Pedir pra IA revisar a própria resposta: as perguntas que fazem ela achar o erro sozinha
Danilo Gato
Autor
Resposta rápida
A forma mais direta de fazer a IA revisar a própria resposta é não pedir “está certo?” (ela quase sempre vai dizer que sim), e sim pedir um ataque específico: “aponta 3 coisas que podem estar erradas, incompletas ou mal fundamentadas nessa resposta, e me explica por quê”. Trocar a pergunta de aprovação por uma pergunta de investigação muda o resultado, porque força o modelo a procurar problema em vez de só confirmar o que já escreveu. Pesquisadores chamam essa técnica de self-refine: o próprio modelo gera a resposta, critica a resposta e reescreve com base na própria crítica, sem precisar de dado novo nem de outro modelo no meio do caminho.

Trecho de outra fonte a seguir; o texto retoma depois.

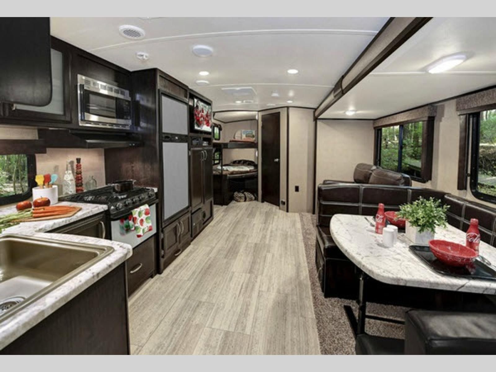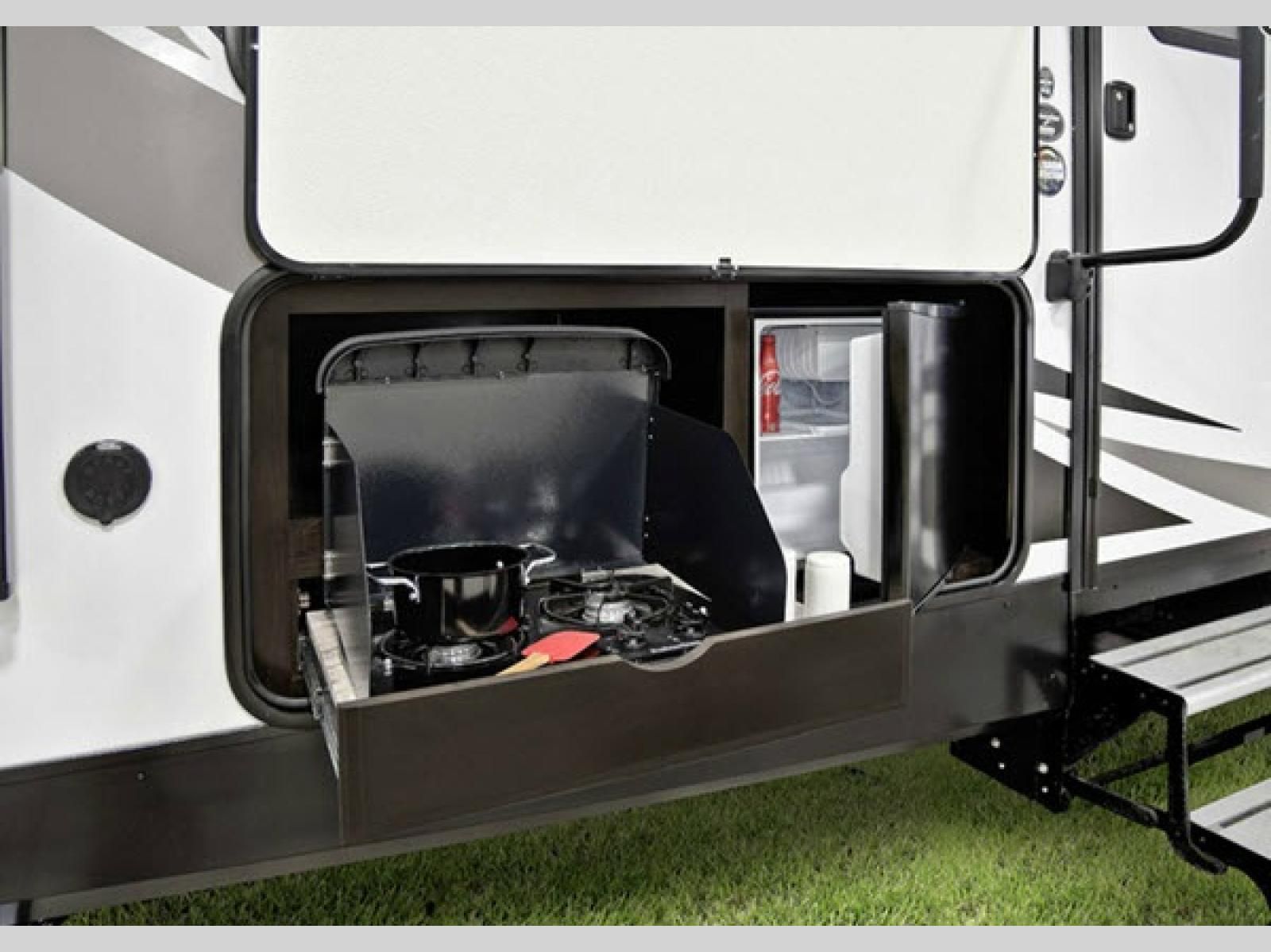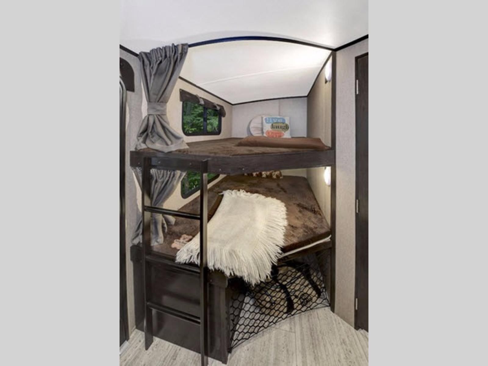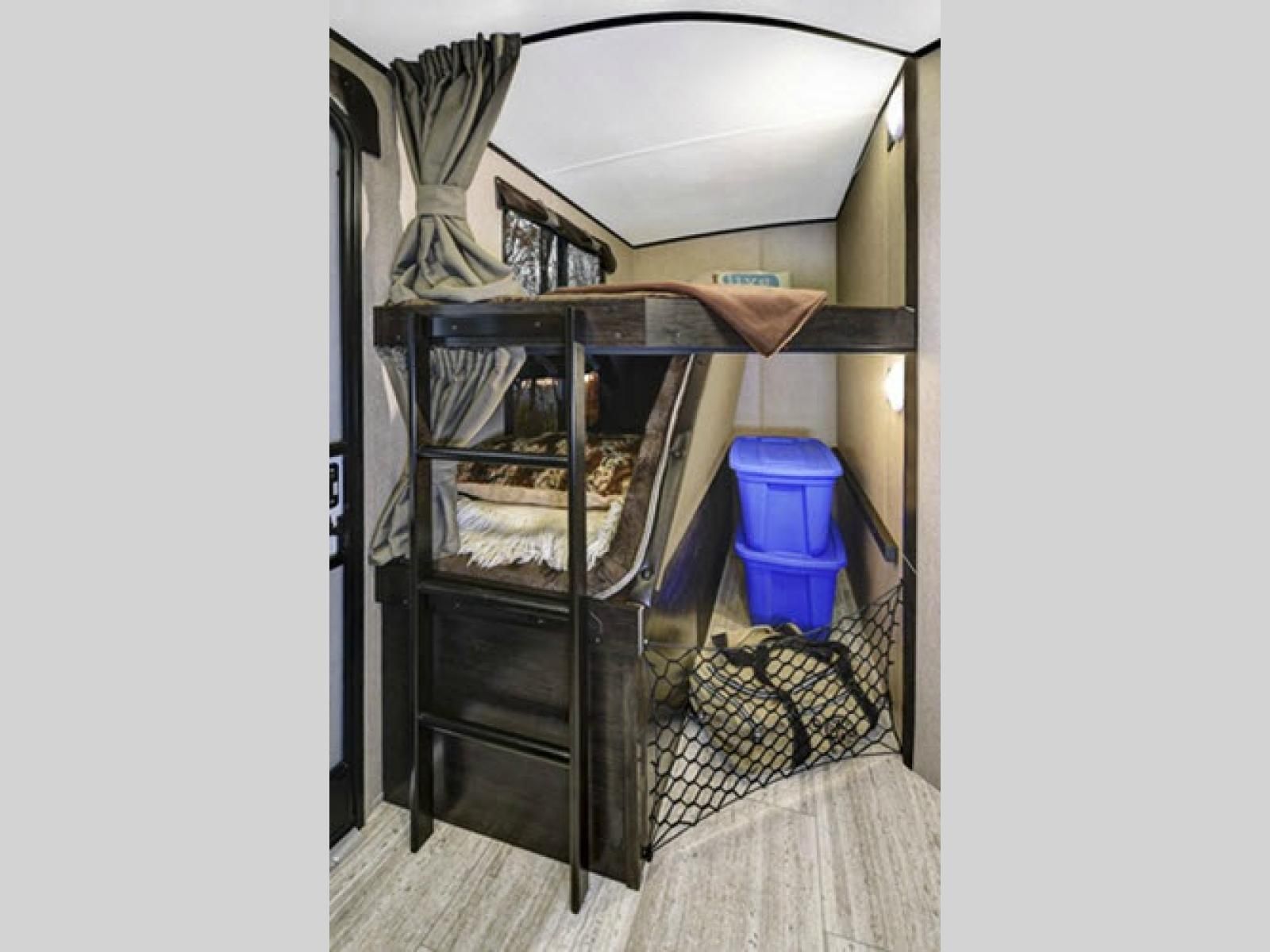 Step inside after checking out the convenient outside kitchen with a two burner range top, and refrigerator so you can cook and dine easily outdoors. Once indoors you will see a set of double bed bunks to your left. There is also bike storage beneath where you can easily stow things away while traveling.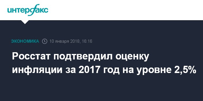 Росстат подтвердил оценку инфляции за 2017 год на уровне 2,5%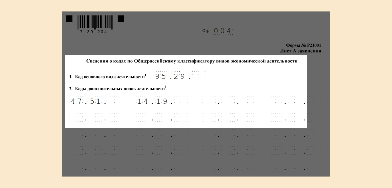 Василий сократил все выбранные коды до кодов группировок – так он автоматически откроет и другие близкие виды деятельности, без их уточнения в Р21001. Сначала Василий выписал все коды в блокнот, а позже, когда дело дошло до заполнения заявления, вписал их в поля на листе А формы Р21001.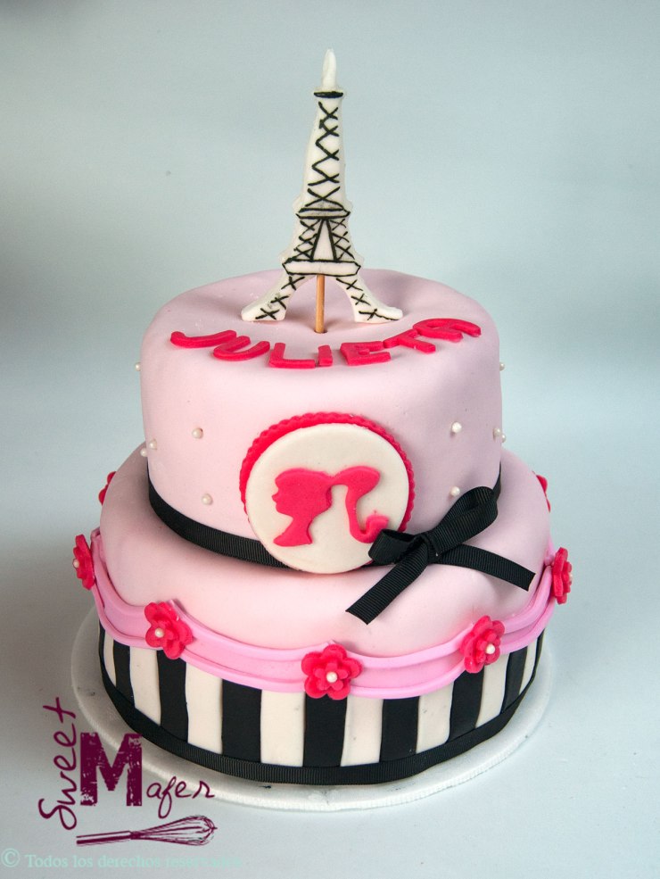 Julieta cumplió años y su mamá, Diana, me encargó una torta de chocolate de 16 porciones decorada con temática de Barbie en París y además hicimos cajas de 2 cupcakes para mandarle a sus amigas para la celebración virtual de cumpleaños. ¡A Julieta le encantó!

Por que só pedir “revisa aí” quase nunca funciona
Quando você manda “revisa essa resposta” ou “tem certeza disso?”, o modelo tende a reafirmar o que já disse, às vezes até com mais confiança do que antes. Isso acontece porque o pedido não muda a tarefa: ele continua sendo “concorde ou não com o que eu disse”, e a saída mais provável, estatisticamente, é a confirmação.
O ganho aparece quando a pergunta muda o papel do modelo, de autor pra crítico. Um estudo de referência sobre o assunto, o Self-Refine (Madaan et al., publicado no NeurIPS 2023), testou esse método de gerar, criticar e refinar em sete tarefas diferentes, com GPT-3.5, ChatGPT e GPT-4, e mediu uma melhora média de cerca de 20 pontos percentuais absolutos na qualidade das respostas, na comparação com a versão de uma etapa só, sem revisão. A diferença inteira estava em como a pergunta de crítica foi formulada, não em dar mais dado pro modelo.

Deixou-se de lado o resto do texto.